Location-based services and mapping have even bigger potential going forward.

"What was most interesting to us was that the announcements weren't of a game-changing technology, as the 3D has been done before, but the truly enormous scale of Google's commitment to do this for such a large amount of data," Giles Collingwood, head of operations at Earthware, told TechNewsWorld. "They are obviously committing some serious bucks to the project."

Beyond the Map

The mobile frontier is relatively unpaved, said Sheehan, and Google, Apple, Bing and other mapping services realize that location-based services could be a huge break into leadership in the mobile industry.

"The announcements in mapping today are really being driven by mobile," he said. "There's a turf war going on between the companies, because we're kind of in a place where there's a lot of discussion about what's next in the mobile space. These updates are very much driven by consumers, and there's a lot of resources being focused using location for marketing."

That's part of the reason Google has such an advantage, said Tsou.
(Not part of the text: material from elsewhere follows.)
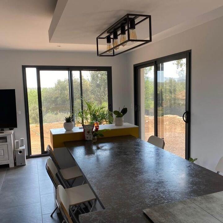Située à Besse-sur-Issole, au cœur du Var, cette villa écoresponsable de plain-pied allie harmonieusement design contemporain et respect de l’environnement. Conçue et construite par nos soins, cette maison de 108m² représente l'excellence de l'art de bâtir dans le respect des principes écologiques, avec une ossature bois qui garantit une isolation thermique optimale et une empreinte carbone réduite.

"The real value of Google Maps is not the map data itself, but the points of interests, such as gas stations, restaurants, schools embedded inside the map databases, which are called 'location-based services,'" he said.

Nailing down those location-based services and incorporating them into a larger business strategy will be key for the next leader in Web mapping, said Sheehan.

"It's moving beyond the map," he said. "It's beyond getting from point A to point B, and Google is kind of ahead on that, but nobody still knows what Apple or anyone else is going to do. But that's where the growth is."